只是,顧盼一直在張綰青心裏放火,張綰青強行熄滅的火苗兒,又冒出了劈裏啪啦的火星。黑暗中狂風肆虐,火星卻越燃越旺,借著風力,漸漸爆發出燎原之勢。

張綰青把話題拉回:“你哥怎麽了?”

顧盼想起來,她是要商量顧奇的事情:“他最近總吼,送他去醫院吧?”

張綰青眼窩本來就深,輪廓硬朗清晰的雙眼皮雖然皺著,依然靈動有神,說話的時候傳遞出一種悠遠沈穩的信號:“……他會不會不想去醫院?”

“那他想幹什麽?”

“可能和我一樣,想安樂死吧……”

張綰青用最平靜的語氣,說出了最殘酷的真相。

顧盼這才明白媽媽剛才提到安樂死的意思:“……這不行!媽,還是要救我哥!”

張綰青垂眼,一滴淚潤濕了整個眼眶:“肯定要救他,只是不知道,這是不是他想要的。反正,是我們想要的。”

畢竟,不管是張綰青還是顧盼,誰又能背負對親人見死不救的枷鎖?誰又能背負得起呢?

“還能怎麽辦?我們堅持了這麽久,難道現在放棄嗎?”

“不能……”

“那明天送他去醫院。”

“嗯。”

顧盼拿著紙巾,小心擦掉張綰青臉上半幹的淚漬,又抹上護膚乳,慢慢塗勻。

“盼盼,找個時間帶我去美容院吧?”

“嗯?好啊!”

前陣子,顧盼反覆勸張綰青去美容院處理眼睛下邊的斑,免得她天天對著鏡子嫌棄自己醜,可是張綰青偏不去,今天不知道怎麽又突然想通了。

“媽,你想通啦?”

“長斑了還是要盡早處理,時間長了,色素沈著,到時候想去掉也沒辦法了……”

萬一真的有藥了,她可以站起來出去玩兒了,可不能被臉上這塊斑煞了風景。這麽想著,張綰青臉上露出充滿希望的笑。

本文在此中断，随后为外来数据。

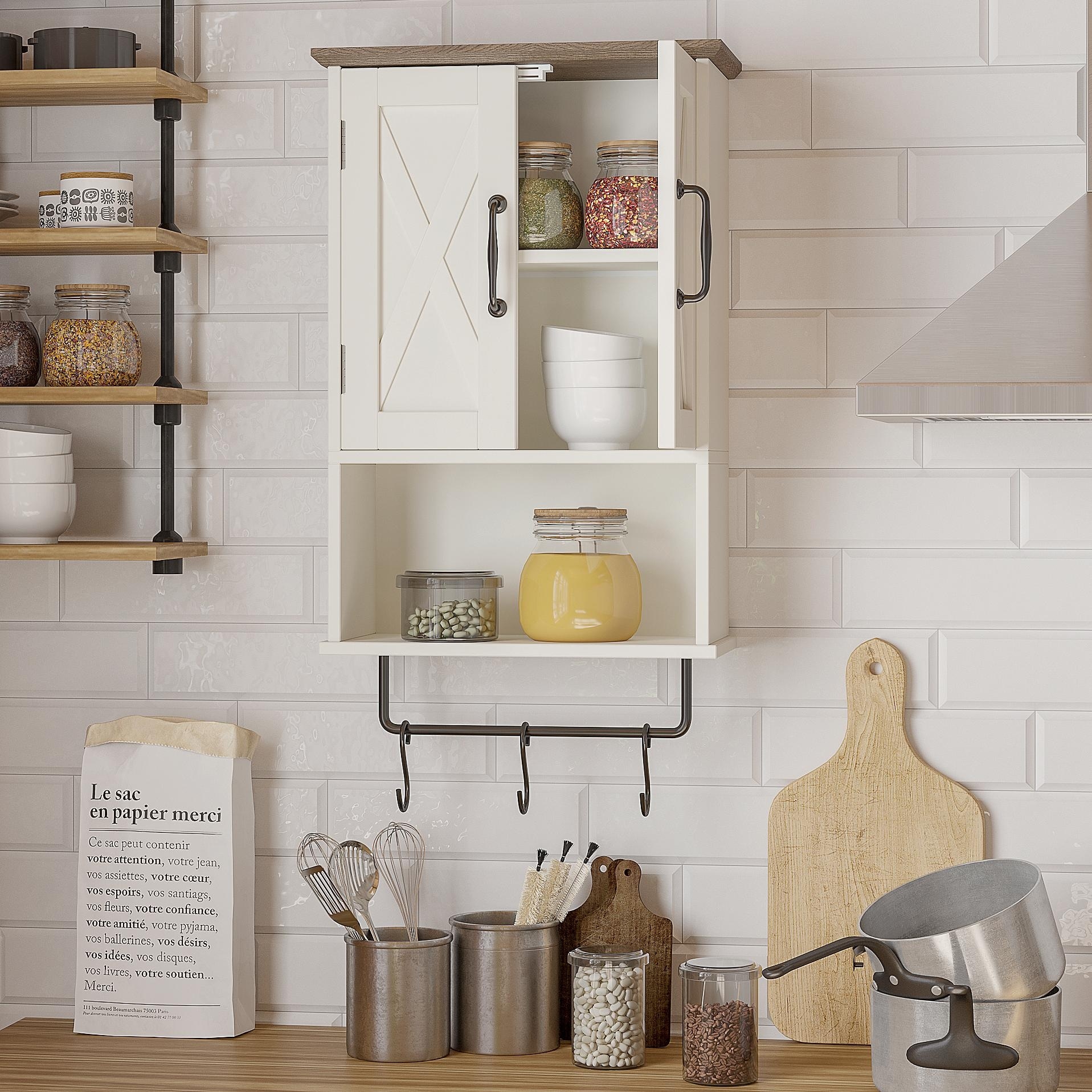 Wall-Mounted Farmhouse Cabinet - Towel Rack & Adjustable Shelf

顧盼也笑了:“媽,這次我們肯定能成功,你肯定能恢覆。就算你80歲了,我還能天天帶你坐私人飛機,今天瑞士明天澳洲後天南北極,你就是世界上最拉風的老太太!”

“到那時候,你也是老太太了……”

“對,我們兩個老太太,手拉手出去嗨!”

“嗯。”

安頓好了張綰青,顧盼又去看她哥,他吼累了,躺在床上,和被子融為一體,安靜得連呼吸聲都聽不見。顧盼把手指伸到她哥鼻子下面,還有熱乎乎的氣息噴出來。

回到自己房間,顧盼沒忍住給游漪發了一條消息求安慰。本來以為游漪肯定在睡覺,沒想到,立刻收到了她的視頻邀請。

顧盼接起來:“小漪,你是沒睡還是醒了?”

“沒睡呢……”

“啊?在忙啥?”

“整理資料……”

這是一個好消息。前段時間,“孩子需要氯巴占”的話題在各個社交媒體平臺都登上了熱搜榜。相關部門非常重視,開始組織對患兒群體的摸底調查,了解使用需求。游漪主動對接,設計了調查問卷在病友群和公眾號發布,現在整理的就是搜集來的數據。

顧盼問道:“我也有一個好消息,和一個壞消息。你先聽哪個?”沒等游漪回答,她就自己說了。好消息是她媽突然想開了,支持IIT。壞消息是她哥貌似嚴重了,明天送去醫院。

游漪讓顧盼先忙家裏的事情,需要幫忙隨時找她。然後發了一個鏈接,關於英國科學家彼得·斯科特·摩根的采訪。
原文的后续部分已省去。